Saturday, October 23, 2010

Letter to Bailey

To sweet beautiful Bailey,

I miss you so much.  The missing of you doesn't seem to get easier in time.  Your baby brother has helped me heal so much though. 

I'm starting to live my life again after putting my life on hold after I lost you.  Even when I was pregnant with Kyle, I just didn't have the get up and go I should have had.  I missed you so painfully.  When I think back to last year, I can't believe how I couldn't even live my life for Brodie, he missed out on so much, but now I want to share life with him again.  We will have Christmas this year, when last Christmas I didn't even bother putting up the tree or decorations, Brodie didn't see Father Christmas - I just didn't want Christmas without you.  Brodie saw a Christmas tree in the shops a couple of days ago and asked me what it was, I felt so ashamed that he didn't know.  This year will be different, we may even buy a new Christmas tree.  I wish you were here, but I know you know what is happening here, and I know that you would want your brothers to celebrate Christmas and all that life has to offer.

I was also thinking of taking your brothers to the Zoo soon.  Last time I took Brodie, you were happily lazing about in my womb, and I was dreaming of taking the both of you once you were born.  My dream isn't going to come true now. 

I love you sweet baby.  Will miss you forever.

Lots of Love,
Mummy
xxxxx

1 comment:

Lana said...

Hi Fiona, geez the zoo... the zoo used to be one of my favourite places and i'd easily be there about 2 or 3 times a year.. since Matilda was born, I've been once.. and it was so painful seeing all these little girls around that i havent been able to bring myself to go back - so i can completely understand your anguish!

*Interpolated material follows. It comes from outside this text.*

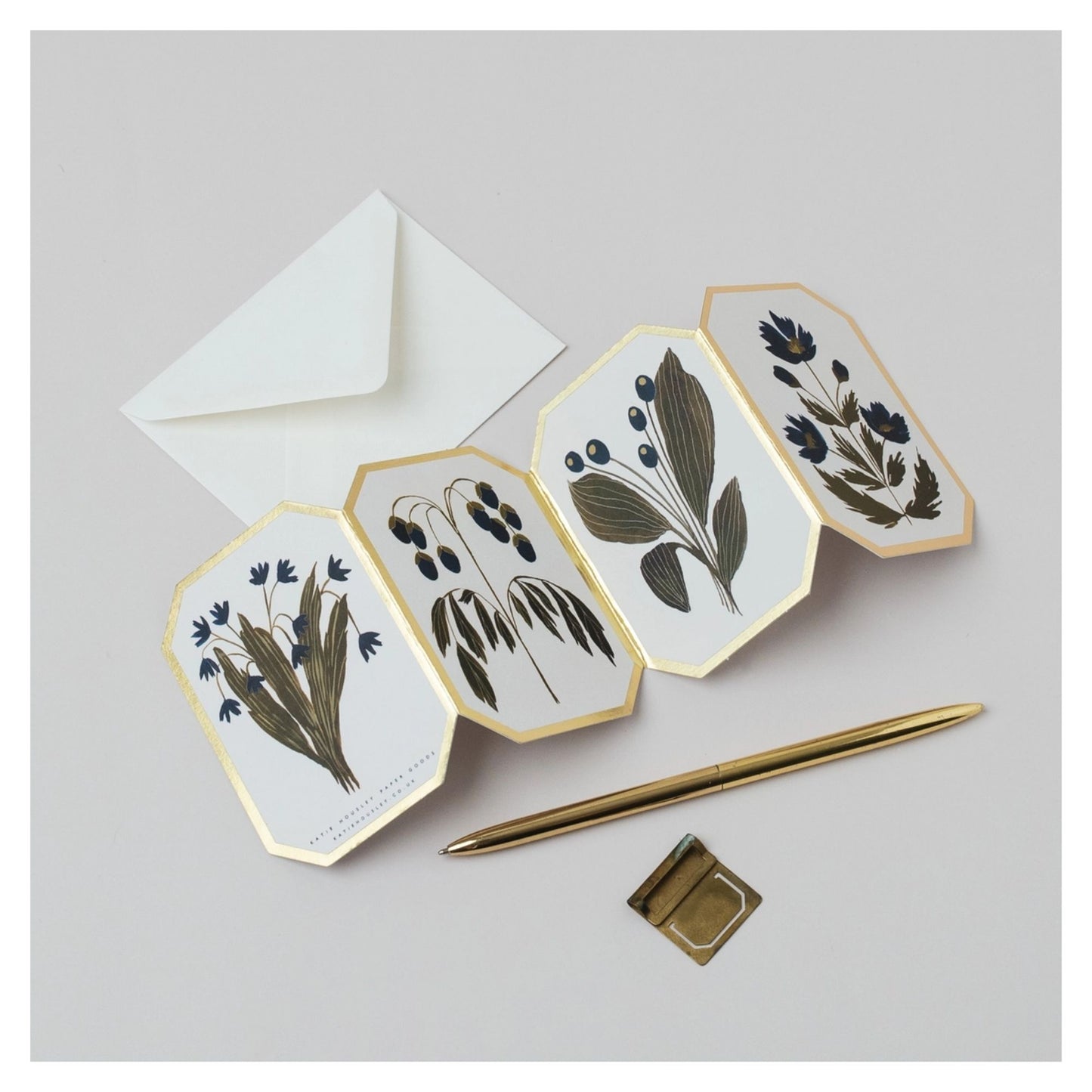 Blue Floral Botanical Concertina Card

Still, i am glad that Kyle has allowed to you to heal enough to contemplate going back there.. the zoo is a magical place and brodie and he deserve to go there and enjoy it.. similarly with christmas.. i dont think brodie will ever hold last non-christmas against you! you needed to do what you had to, to heal.. we had xmas last year and i hated most of it.. in fact i cant really remember much of it cause i made sure i was drunk! thats equally as sad as not having it.. alas this is our lives and we cant feel bad for it!
i cant believe you lost your photos - i am totally obsessed with photos - i am like the papparazzi at most events! i bought an external harddrive last year that i store all my images on.. my mother lost all our baby photos in a house move so i think that has contributed to my obsession!
i am on FB my surname is gonsalves - look me up.. i am currently without internet at home though so if i dont confirm right away dont be alarmed!